(Data extracted from a collection)
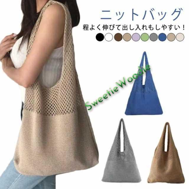 ニットトートバッグ かぎ編みバッグ ニットバッグ 夏 秋 春 トートバッグ かごバッグ ショルダーバッグ 編みバッグ ニット編み bag 軽量 透かし編み サマーバッグ あみバック 肩掛け 大人 お出かけ 折り畳み 折りたたみ
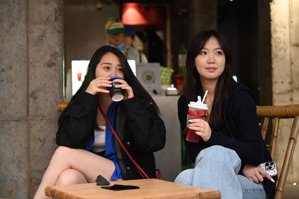 2025年10月20日,安福路,点了一杯冰饮一杯热饮的两名女子。
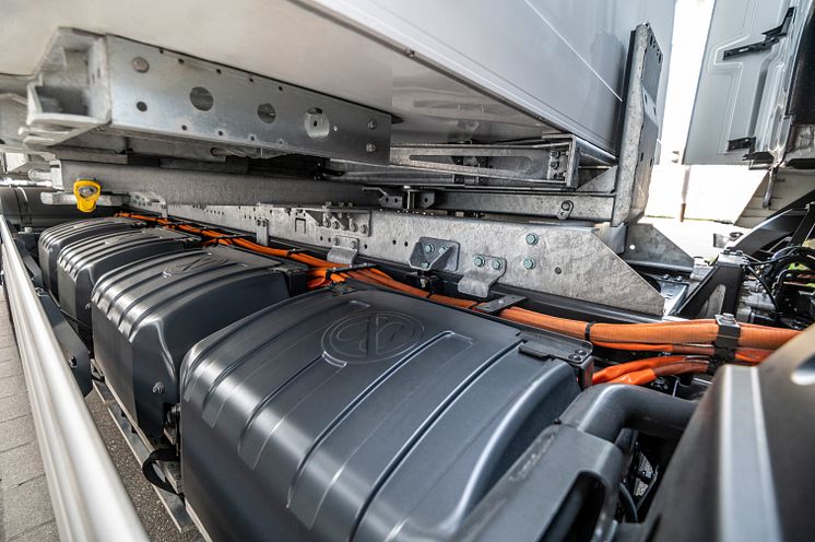 eActros kan fås med tre eller fyra batteripaket på tillsammans upp till 420 kWh
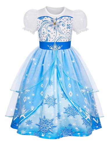 Jurebecia Princess Dresses for Girls Queen Dress Up Costume Kids Halloween Cosplay Puff Sleeve Birthday Party Fancy Dress Blue 3-4 Years
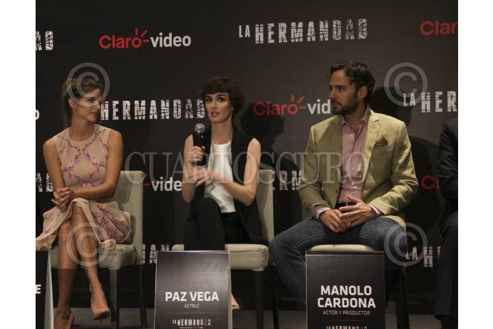 CIUDAD DE MÉXICO, 23MAYO2016.- Las actrices Stephanie Cayo, Paz Vega, y Manolo Cardona durante la presentación de la serie "La Hermandad", que es dirigida por el director Carlos Bolado y producida por Manolo Cardona. es una serie policiaca y sera trasnmitida por televisión de paga. FOTO: ANTONIO CRUZ /CUARTOSCURO.COM
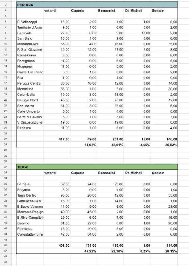 PERUGIA – Bene Bonaccini (52,68 %) con 1.594 voti, Schlein in media nazionale, senza acuti, con poche possibilità di recuperare con i gazebo, ma in posizione onorevole: 29.54%, 894 voti. Cuperlo c’è e lotta con noi, soprattutto base operaia ternana. Qualcosa come Ingrao ai bei tempi: 480 voti con il 15,86%. De Micheli solo in tracce: 58 voti, 1,52%.
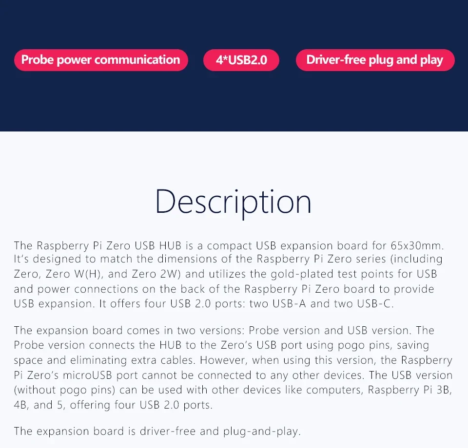 RPi0_USB HUB, placa de expansión Raspberry Pi zero_USB HUB, plug and play sin controlador
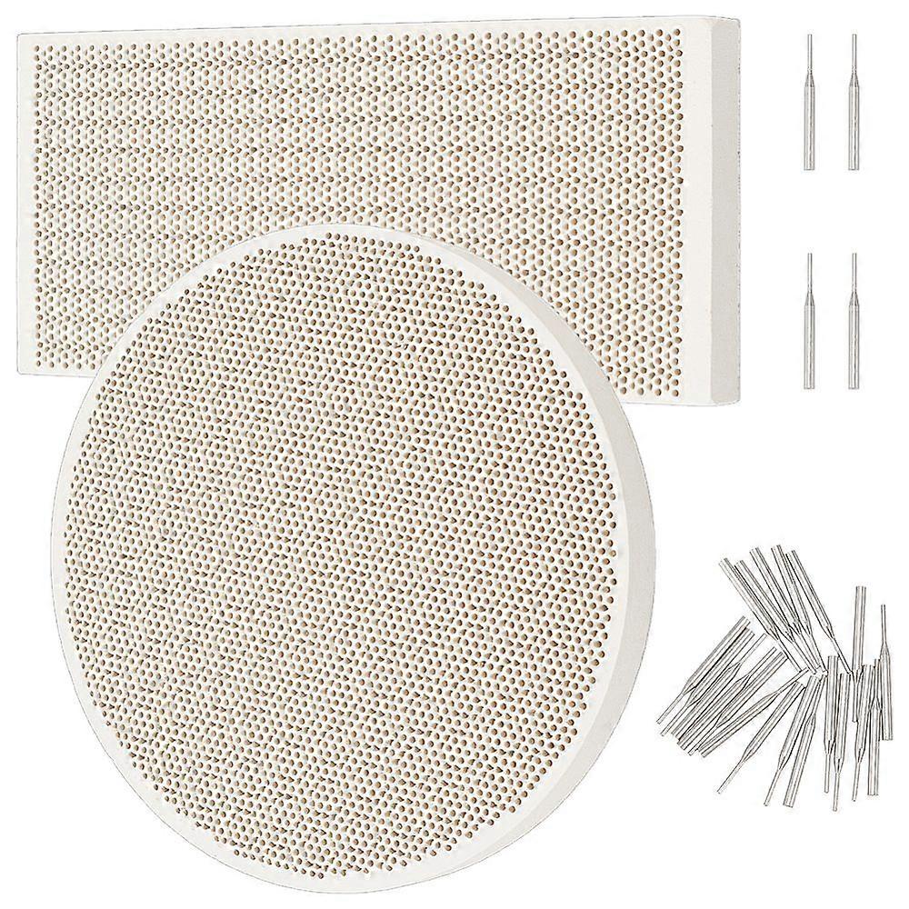 Quartz Honeycomb Ceramic Soldering Boards Melting Panel Jewelry Making Tools with 316 Surgical Stainless Steel Needles PapayaWhip 130~163x72~130x13mm
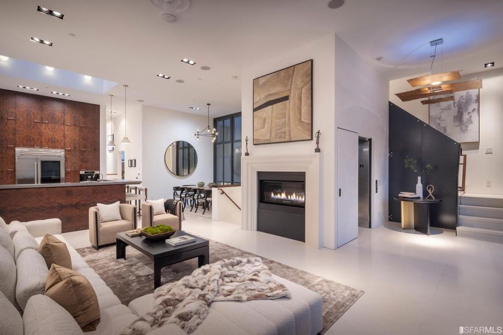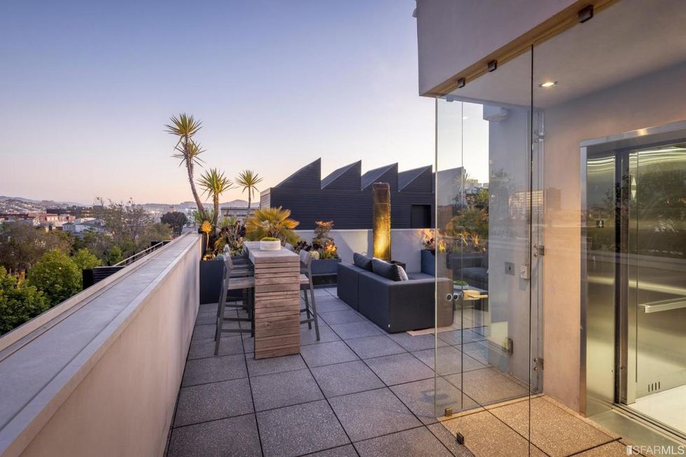 The crown jewel is the full floor roof deck with a fireplace and hot tub in an outdoor living area. Tuckered out from a soothing soak? Take the elevator down for a bite before bed.
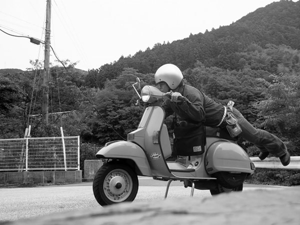 「森の中をカブで颯爽と走るわたくし」 と題して 撮りました。 タイマーをセットし バイクのところまでダッシュで行き エンジンをかけ走り出すので忙しかったです。 劇団セルフタイマーの経験は5年以上ありますが 苦労は人に見られると恥ずかしい所です。 「昨日あそこでなにやってたの?」 って言われた時の恥ずかしさったらもう‥‥。 (サカイ)
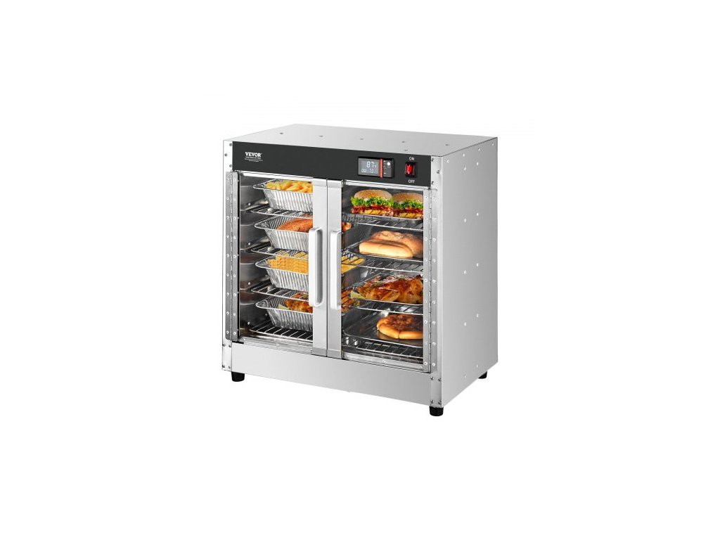 Ohřívač jídla VEVOR Hot Box, 4patrový ohřívač jídla s tácem na vodu, 4 pánve, dvoukřídlé skleněné dveře a nastavitelné police, nerezová ohřívací skříňka na jídlo, ideální pro skladování pizzy, kuřete, restauraceUdržujte jídlo teplé a čerstvé
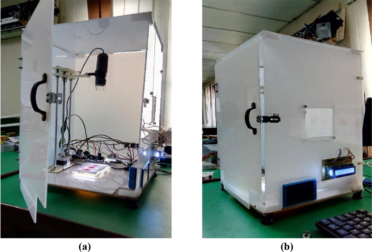 After processing all edge points in the image, the accumulator will contain peaks at (ρ,θ) values, where many lines intersect, i.e., these peaks represent strong candidates for lines in the image [ 22 ]. After the voting procedure, the peaks in the accumulator array indicate the most likely parameters (ρ,θ) for the lines in the image. By detecting the peaks in the accumulator array that correspond to the most prominent lines. These peaks correspond to the strongest candidate lines, which can be extracted and drawn back onto the original image [ 23 ]. The maximum and minimum points were identified for separating antigens, and the centroid was identified from the calculated radius [ 24 ]. Table 1 shows the threshold levels for 8 different blood groups and the antigen values for determining the blood group. Figures 4 (a) and (b) show the model designed and fabricated at the Department of Production Technology, MIT Campus, Anna University for blood group identification.
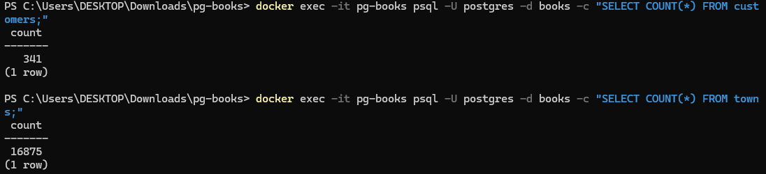 docker exec -it pg-books psql -U postgres -d books -c "SELECT COUNT(*) FROM towns;"
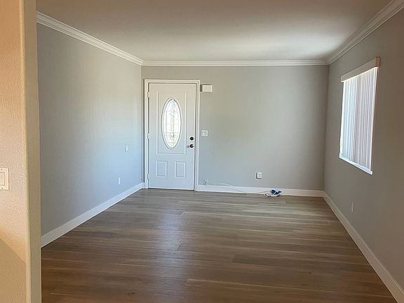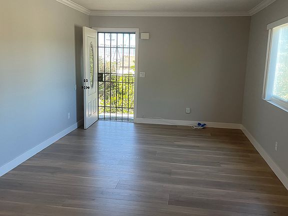 Very nice, must see large two bedroom, duplex, dining room with slider and breakfast bar. Freshly painted, crown molding throughout, new wood flooring, and ceiling fans. New appliances, stove, refrigerator, microwave and dishwasher. Window coverings. Walking distance for transit and shopping. Landlord pays for yard maintenance, and trash. Tenant responsible for all utilities, water, cable, gas and electric. There are two off street parking spaces
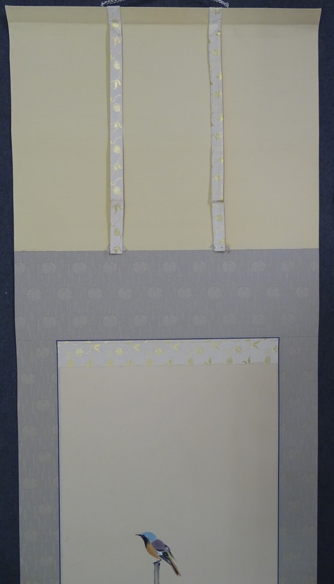 ・品名:掛軸 ・作者:竹田寿昌 ・画題:「菊に小禽」・技法:日本画(直筆)(B2-HIO-R4-6-12-38.5)
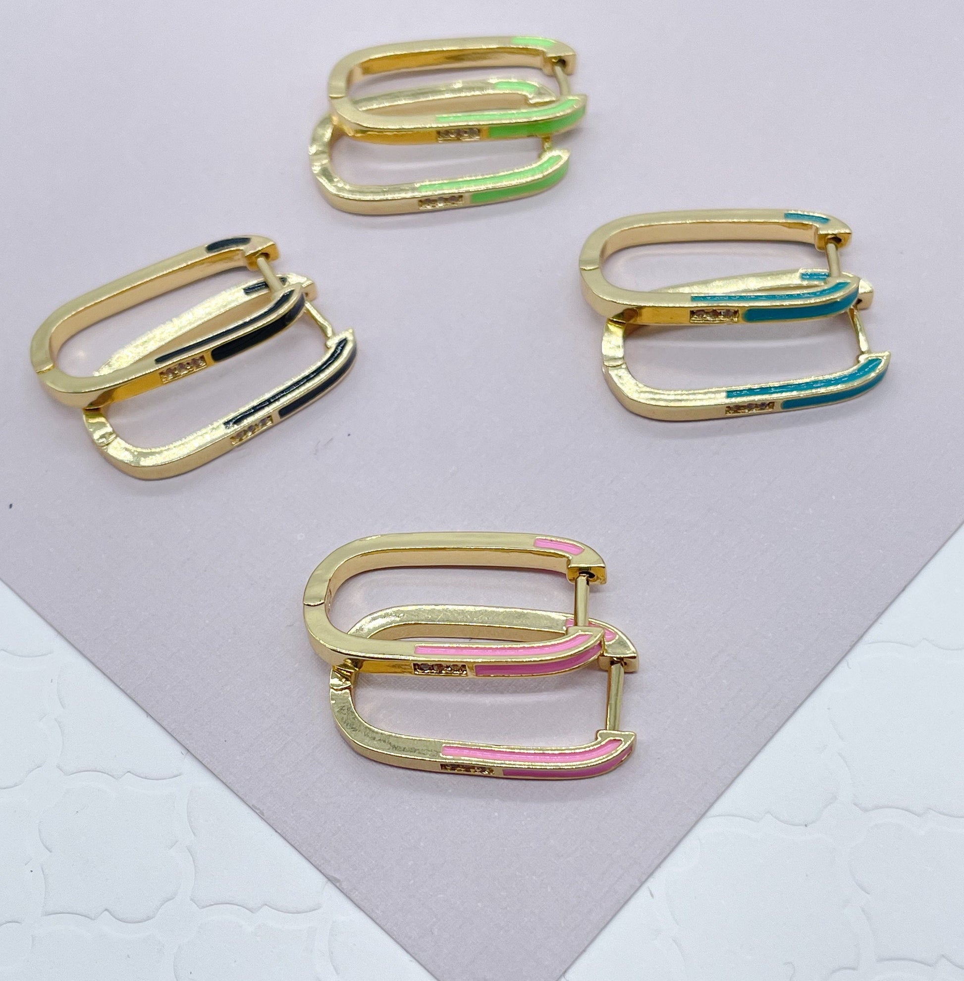18k Gold Filled Colorful Enamel Rectangular Hoop Our Etsy store was developed to help you find the most unique styles of modern designs, always looking for elegance and market trends. Here you will find ways to better make your jewelry through quality, seeking harmony, exclusivity and impeccable finish. Customer satisfaction is paramount to us. Images of enameled jewelry may differ to the naked eye. Please select carefully and feel free to ask before purchasing, we do not accept returns due to color taste.

:: What you have to do ::
Your copy should hold the lines from the one with "RPi0_USB HUB, placa" up to and including the one with "Ohřívač jídla VEVOR", exactly as in the data above, and no pictures.

:: Response to the task ::
 RPi0_USB HUB, placa de expansión Raspberry Pi zero_USB HUB, plug and play sin controlador
 Quartz Honeycomb Ceramic Soldering Boards Melting Panel Jewelry Making Tools with 316 Surgical Stainless Steel Needles PapayaWhip 130~163x72~130x13mm
 The crown jewel is the full floor roof deck with a fireplace and hot tub in an outdoor living area. Tuckered out from a soothing soak? Take the elevator down for a bite before bed.
 「森の中をカブで颯爽と走るわたくし」 と題して 撮りました。 タイマーをセットし バイクのところまでダッシュで行き エンジンをかけ走り出すので忙しかったです。 劇団セルフタイマーの経験は5年以上ありますが 苦労は人に見られると恥ずかしい所です。 「昨日あそこでなにやってたの?」 って言われた時の恥ずかしさったらもう‥‥。 (サカイ)
 Ohřívač jídla VEVOR Hot Box, 4patrový ohřívač jídla s tácem na vodu, 4 pánve, dvoukřídlé skleněné dveře a nastavitelné police, nerezová ohřívací skříňka na jídlo, ideální pro skladování pizzy, kuřete, restauraceUdržujte jídlo teplé a čerstvé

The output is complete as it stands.